[Problem to solve]
Repeat every line of the data exactly; the pictures stay out.

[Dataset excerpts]
|---|

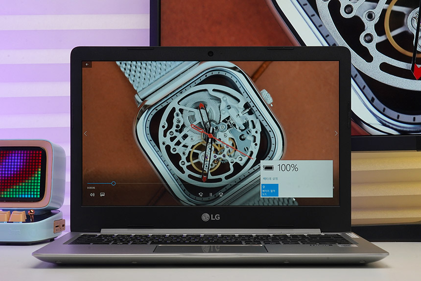 LG전자 울트라PC 13UD50N-GX50K에는 51Wh 용량의 배터리가 탑재되었고 화면 밝기 50% 그리고 배터리 절약모드에 동영상을 약 13시간 28분 정도 재생할 수 있었습니다. 기대 이상이라고 판단되었습니다.
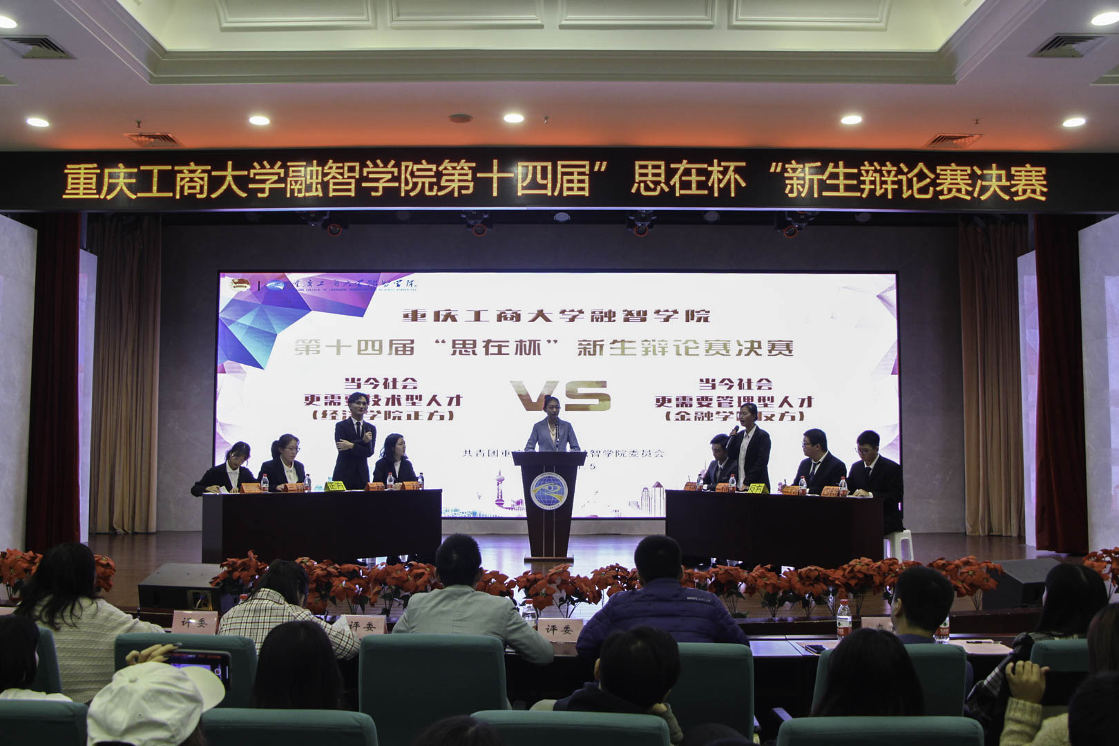 经过初赛、复赛激烈角逐,站在决赛场上的两支队伍分别正方金融学院代表队反方经济学院代表队,他们就“当今社会更需要技术型人才还是管理型人才”展开了精彩辩论。
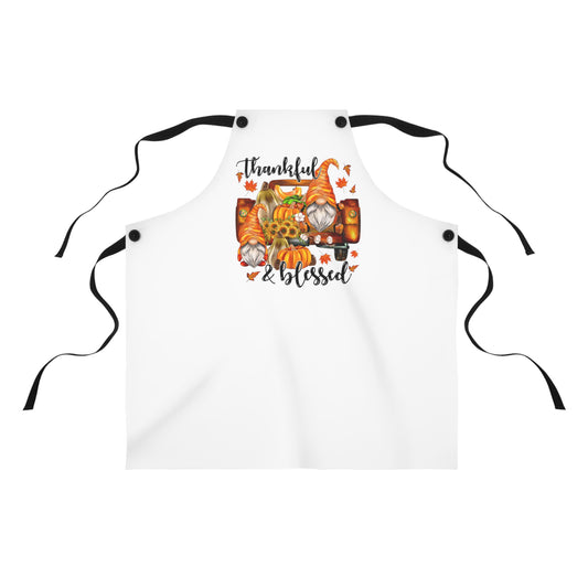 Thanksgiving Gnome Riding Vintage Truck Apron White - Festive Holiday Kitchen Decor - Rustic Holiday Kitchen Decorations
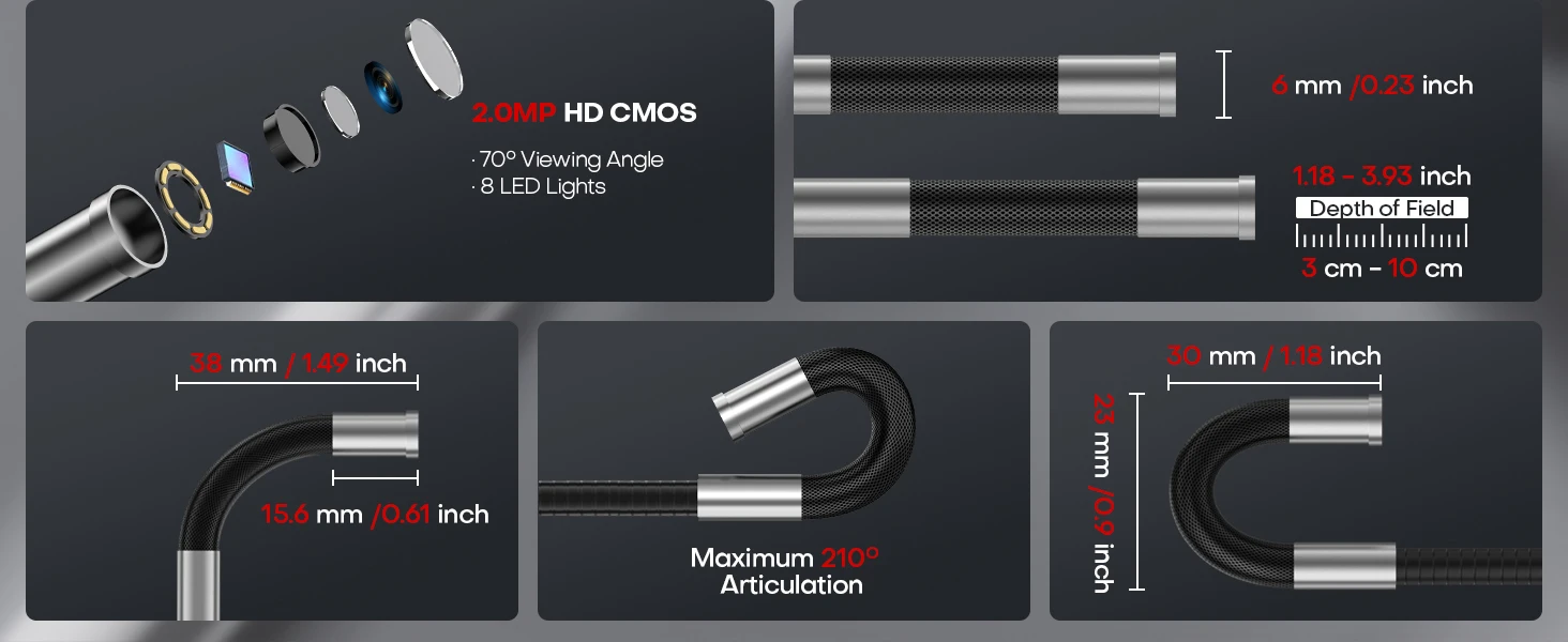 This Articulating Borescope is an important product for the global car aftermarket. It is specially used to detect narrow bending spaces that are difficult to enter, such as car evaporator, combustion chambers, and three-way catalytic sensors. Equipped with a two-way 360 steering probe. You can easily observe all angles inside the machine. Ideal for car repair store and car enthusiasts
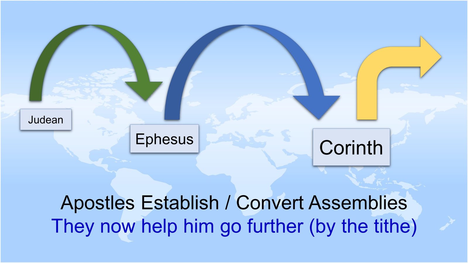 El trabajo de un apóstol es convertir o levantar asambleas. Una vez iniciada la asamblea deben reconocer al menos una pareja de ancianos (e idealmente tres o más parejas) que puedan servir de ejemplo para el rebaño en su ausencia. Luego pueden ir a la siguiente ciudad.
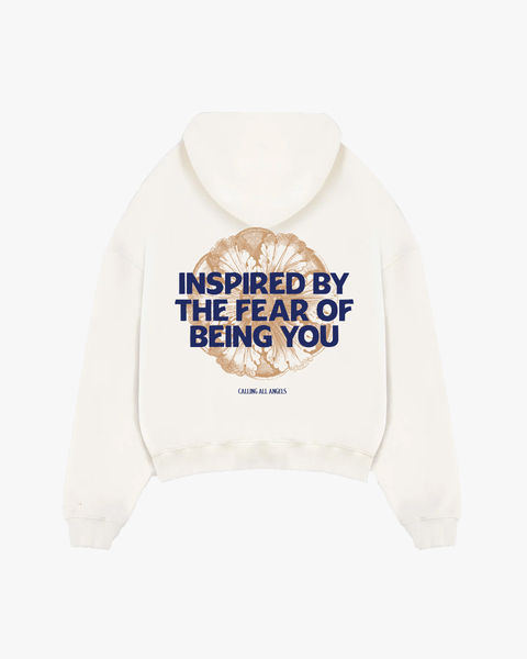 Confidence meets comfort in this cream-toned “Inspired By The Fear of Being You” Hoodie. A style that speaks without trying too hard.

|---|

[Answer]
 LG전자 울트라PC 13UD50N-GX50K에는 51Wh 용량의 배터리가 탑재되었고 화면 밝기 50% 그리고 배터리 절약모드에 동영상을 약 13시간 28분 정도 재생할 수 있었습니다. 기대 이상이라고 판단되었습니다.
 经过初赛、复赛激烈角逐,站在决赛场上的两支队伍分别正方金融学院代表队反方经济学院代表队,他们就“当今社会更需要技术型人才还是管理型人才”展开了精彩辩论。
 Thanksgiving Gnome Riding Vintage Truck Apron White - Festive Holiday Kitchen Decor - Rustic Holiday Kitchen Decorations
 This Articulating Borescope is an important product for the global car aftermarket. It is specially used to detect narrow bending spaces that are difficult to enter, such as car evaporator, combustion chambers, and three-way catalytic sensors. Equipped with a two-way 360 steering probe. You can easily observe all angles inside the machine. Ideal for car repair store and car enthusiasts
 El trabajo de un apóstol es convertir o levantar asambleas. Una vez iniciada la asamblea deben reconocer al menos una pareja de ancianos (e idealmente tres o más parejas) que puedan servir de ejemplo para el rebaño en su ausencia. Luego pueden ir a la siguiente ciudad.
 Confidence meets comfort in this cream-toned “Inspired By The Fear of Being You” Hoodie. A style that speaks without trying too hard.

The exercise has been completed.